Guidelines from the British Thoracic Society advise consideration of stereotactic ablative radiotherapy (SABR) in patients with tumors under 2 cm and prioritizing surgical management for patients with higher stage cancers which are likely to become unresectable if treatment is delayed (3). The advice from NHS England is clear and states that essential and urgent cancer treatments must continue (4).

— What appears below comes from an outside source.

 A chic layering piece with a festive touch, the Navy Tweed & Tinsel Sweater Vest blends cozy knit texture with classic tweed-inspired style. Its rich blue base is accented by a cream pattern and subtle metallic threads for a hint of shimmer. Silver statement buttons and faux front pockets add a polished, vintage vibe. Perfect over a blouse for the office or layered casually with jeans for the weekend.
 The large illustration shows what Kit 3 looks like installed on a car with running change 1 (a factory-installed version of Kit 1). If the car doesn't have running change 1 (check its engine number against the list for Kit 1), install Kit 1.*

As well as the surgical risk of infection to health care workers, there is also the risk of aerosolization of the virus from a chest drain with an air leak. Anecdotal reports from other thoracic units suggest that this is a problem, with reports of entire wards being infected after a postoperative patient was found to have COVID-19. The authors are unaware of any specific guidance on chest drain management during the COVID-19 pandemic. Under normal working conditions, NICE recommends the use of Thopaz drains following lung resection. However, after contacting the manufacturer, these drains do not have a viral filter (5). Extrapolating advice from NHS England on ventilator circuits which should be protected by a high efficiency filter such as a heat and moisture exchange (HME) filters, the authors have developed a method of providing chest drainage with a viral filter (6). The authors have previously described the idea of the attachment of viral filters to Rocket bottles (7). In this article, the authors aim to improve it further and update on some of the pitfalls with this new set-up.

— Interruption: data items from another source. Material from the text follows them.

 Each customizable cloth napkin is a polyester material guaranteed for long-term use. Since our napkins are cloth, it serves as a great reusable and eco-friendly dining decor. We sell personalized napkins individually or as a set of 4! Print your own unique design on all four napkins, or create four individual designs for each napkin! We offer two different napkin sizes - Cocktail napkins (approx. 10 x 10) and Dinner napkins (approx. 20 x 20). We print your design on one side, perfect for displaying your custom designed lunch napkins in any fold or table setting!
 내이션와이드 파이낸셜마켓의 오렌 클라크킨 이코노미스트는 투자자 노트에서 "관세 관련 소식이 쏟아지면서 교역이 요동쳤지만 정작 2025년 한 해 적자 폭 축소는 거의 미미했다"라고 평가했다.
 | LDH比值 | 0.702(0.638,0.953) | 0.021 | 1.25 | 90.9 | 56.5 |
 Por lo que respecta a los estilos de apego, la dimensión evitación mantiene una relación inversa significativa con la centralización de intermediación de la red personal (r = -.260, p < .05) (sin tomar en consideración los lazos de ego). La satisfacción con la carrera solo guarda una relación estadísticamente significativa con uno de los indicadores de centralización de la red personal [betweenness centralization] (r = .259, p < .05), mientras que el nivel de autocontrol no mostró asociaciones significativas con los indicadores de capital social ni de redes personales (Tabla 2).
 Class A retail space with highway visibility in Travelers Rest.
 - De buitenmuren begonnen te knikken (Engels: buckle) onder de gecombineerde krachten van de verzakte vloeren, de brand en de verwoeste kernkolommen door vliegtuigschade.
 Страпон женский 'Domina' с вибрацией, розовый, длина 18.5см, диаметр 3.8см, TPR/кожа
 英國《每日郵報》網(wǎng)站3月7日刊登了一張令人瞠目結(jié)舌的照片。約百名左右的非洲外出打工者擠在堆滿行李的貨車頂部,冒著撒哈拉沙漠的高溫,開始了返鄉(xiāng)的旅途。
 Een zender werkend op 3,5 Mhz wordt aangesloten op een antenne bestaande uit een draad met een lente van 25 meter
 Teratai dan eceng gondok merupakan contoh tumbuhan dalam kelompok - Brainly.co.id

The set-up is simple and uses equipment that is easily available (Rocket bottle with tubing and a Therm 3 HME filter or alternatively a high efficiency heat filter (Figure 1)). In addition to the suction port, the Rocket bottle has additional safety holes that provide a mechanism for air to escape should the suction become blocked (Figure 1D). If the Rocket bottle is to be used with a viral filter, then these must be covered to prevent the virus being aerosolized through this lower resistance mechanism. This can be done easily with stickers which are provided with the bottle. However, covering these holes puts the patient at risk of developing a tension pneumothorax should the viral filter block or if attached incorrectly.

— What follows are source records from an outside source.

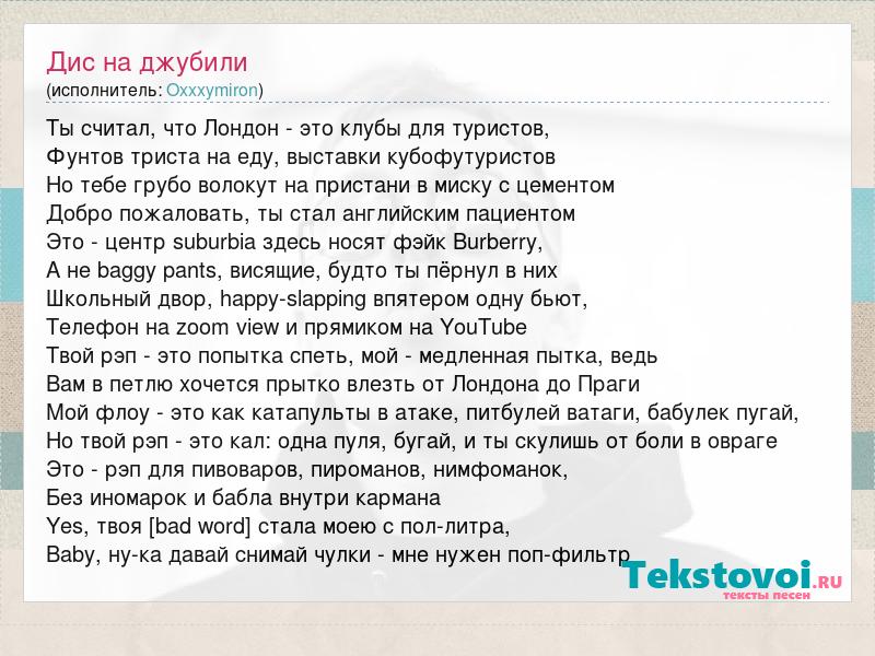 Ты считал, что Лондон - это клубы для туристов, Фунтов триста на еду, выставки кубофутуристов Но тебе грубо волокут на пристани в миску с цементом Добро пожаловать, ты стал английским пациентом Это - центр suburbia здесь носят фэйк Burberry, А не baggy pants, висящие, будто ты пёрнул в них Школьный двор, happy-slapping впятером одну бьют, Телефон на zoom view и прямиком на YouTube Твой рэп - это попытка спеть, мой - медленная пытка, ведь Вам в петлю хочется прытко влезть от Лондона до Праги Мой флоу - это как катапульты в атаке, питбулей ватаги, бабулек пугай, Но твой рэп - это кал: одна пуля, бугай, и ты скулишь от боли в овраге Это - рэп для пивоваров, пироманов, нимфоманок, Без иномарок и бабла внутри кармана Yes, твоя [bad word] стала моею с пол-литра, Baby, ну-ка давай снимай чулки - мне нужен поп-фильтр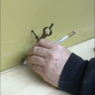 Today, this cool carpentry mentor was teaching us to scribe the uneven profile of a wall onto a flat shelf so the two surfaces would meet flush. (Imagine trying to place a flat plank against a rustic stone wall. It’s not easy.)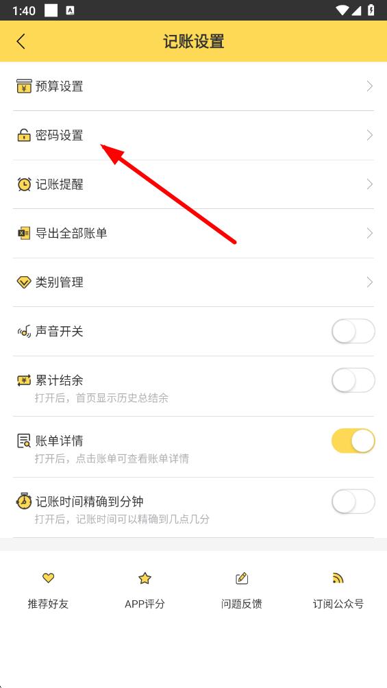 3、在记账设置页面里,点击密码设置选项,进入密码设置界面。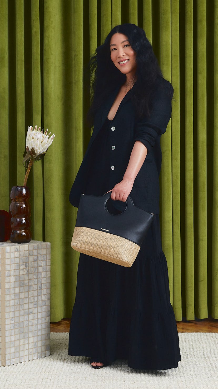 In the summer, linen is a breathable yet protective powerhouse. “I appreciate linen even more now, as sun protection has become a major priority for me,” Lee says. “Instead of always wearing skin-baring clothes when the heat is unbearable, I now opt for linen to cover my skin, as it also allows for ventilation.” Enter: This oversized Nicole Miller linen blazer. Another capsule essential? The new LBD (long black dress). Block heels finish the look, which feels ideal for shopping with friends, or sipping spritzes al fresco on your favorite rooftop.
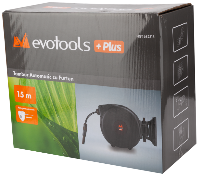 Tamburul automat pentru furtun EVOTOOLS PLUS permite depozitarea si transportul in siguranta a furtunului de gradina. Carcasa robusta a tamburului de furtun il protejeaza impotriva deteriorarilor mecanice, precum si a conditiilor meteorologice, astfel incat nu trebuie sa va faceti griji cu privire la schimbarea anotimpului sau a vremii, castigati confort si economisiti timp.Retractorul automat va permite sa ascundeti si sa scoateti furtunul rapid si in siguranta si sa il blocati intr-o pozitie care va convine. Tip: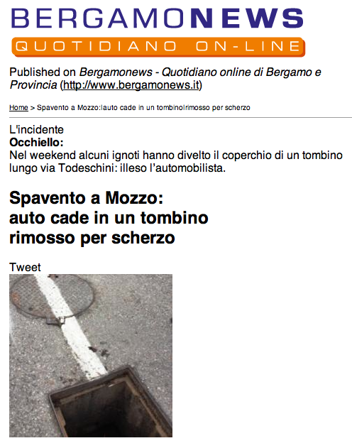Via il tombino in una strada centrale del paese e un auto di passaggio ci finisce dentro. È questo il succo di un triste piano architettato nel weekend da alcuni sconosciuti a Mozzo.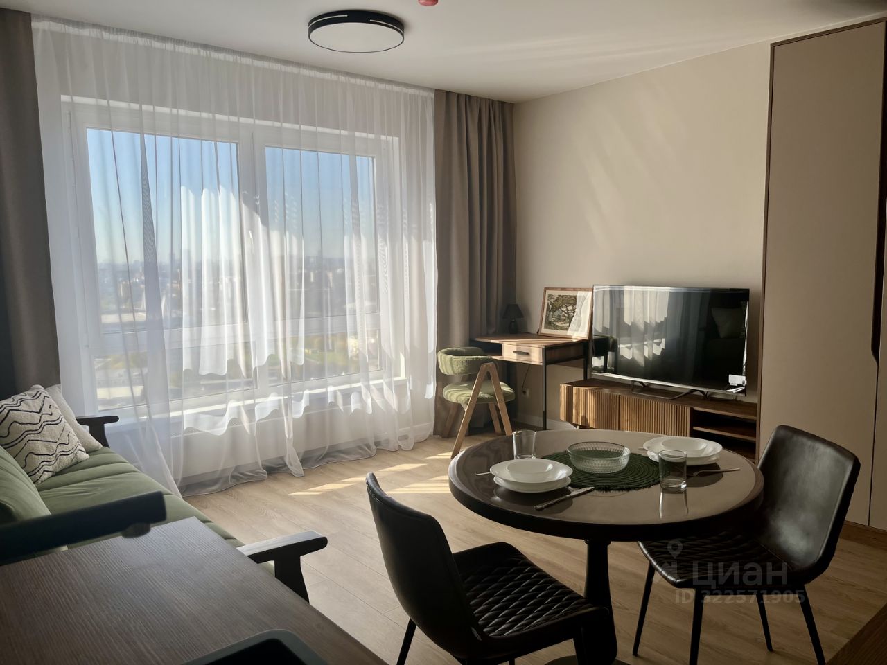 Студия площадью 25.5 кв. м расположена на 25 этаже 33-этажного дома. До метро 7-10 минут пешком.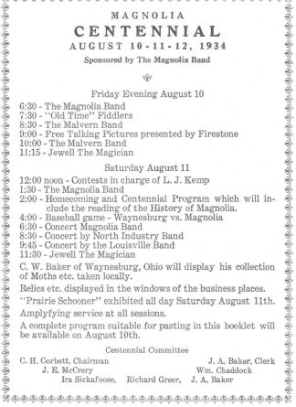 | In 1934, Magnolia, Ohio marked its 100 year anniversary. Some pages are transcribed from the booklet prepared for the celebration. Much documented history and interesting stories of those who lived among the Indian tribes. Many photos throughout of the companies, people and the town. |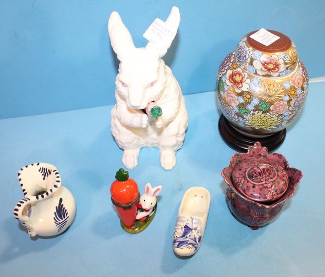 Halden group porcelain rabbit 7"h, oriental vase on stand 5"h, porcelain rabbit with carrot, delft shoe and pitcher. Halden group porcelain rabbit 7"h, oriental vase on stand 5"h, porcelain rabbit with carrot, delft shoe and pitcher.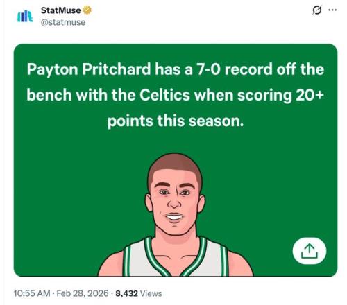 作為球隊替補席最重要的火力點,他已經(jīng)成為球隊贏球風向標,本場比賽結束后,本賽季當普理查德至少拿下20分時,凱爾特人7勝0負保持不敗金身。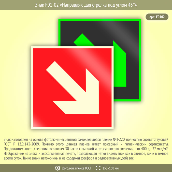 Знак F01-02 «Направляющая стрелка под углом 45°» (фотолюминесцентная пленка ГОСТ 34428-2018, 150х150 мм) в Улан-Удэ купить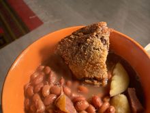 Duck breast with Christmas Limas and greens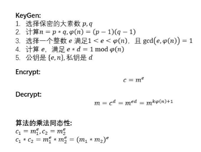 RSA算法是第一个公钥密码算法,也是第一个数字签名算法。具有乘法同态性,也可以称为第一个乘法同态特性的算法,它提出来的最早,也研究的最为广泛,因此也是理论上最成熟的密码学算法。

Checking the viral filter must be part of standard nursing
checks for all patients with chest drains. The air leak is monitored and any
sudden changes in air leak mandate a medical review. The authors have tested
the resistance to flow of the HME filter on a ventilator up to a flow rate of
30 L/min, and even at this flow rate resistance is trivial. This has correlated
with their clinical experience that the presence of a filter does not impede
the air flow out of the chest in patients with air leaks as demonstrated by the
chest radiograph showing no pneumothorax. Filters are changed daily as per
manufacturer recommendation or sooner if there is any gross contamination. This
is done wearing full personal protective equipment (PPE). Additionally, PPE is
worn for changing Rocket bottles and for chest drain removal. The same filter
system can also be applied to a Portex bag (Figure 1E), which aims to
facilitate mobilization on the ward.
In addition to this chest drain management, the authors developed a number of ways of minimizing the risk of COVID- 19 transmission. Patients are admitted on the morning of surgery and immediately taken for a low dose computerized tomography (CT) scan of the chest as per guidelines from the Royal College of Surgeons (8). Chinese studies have shown that chest CT has sensitivity as high as 97% for COVID-19 detection (9). Even in asymptomatic patients with COVID- 19, CT abnormalities were found in 95% of cases (10). The authors aim to start taking viral swabs two days prior to surgery in addition to the CT scan in keeping with Royal College of Surgeons recommendations (11). Providing the CT scan is negative for COVID-19 changes, then the operation is performed with all theatre staff wearing full PPE. Every effort is made to minimize air leaks, intra-operatively lung tissue is stapled and air leaks assessed at the end of the case with underwater testing and repaired where possible. The chest drain is connected at the end of the procedure and the air leak is assessed, the viral filter is placed, and the safety holes are covered.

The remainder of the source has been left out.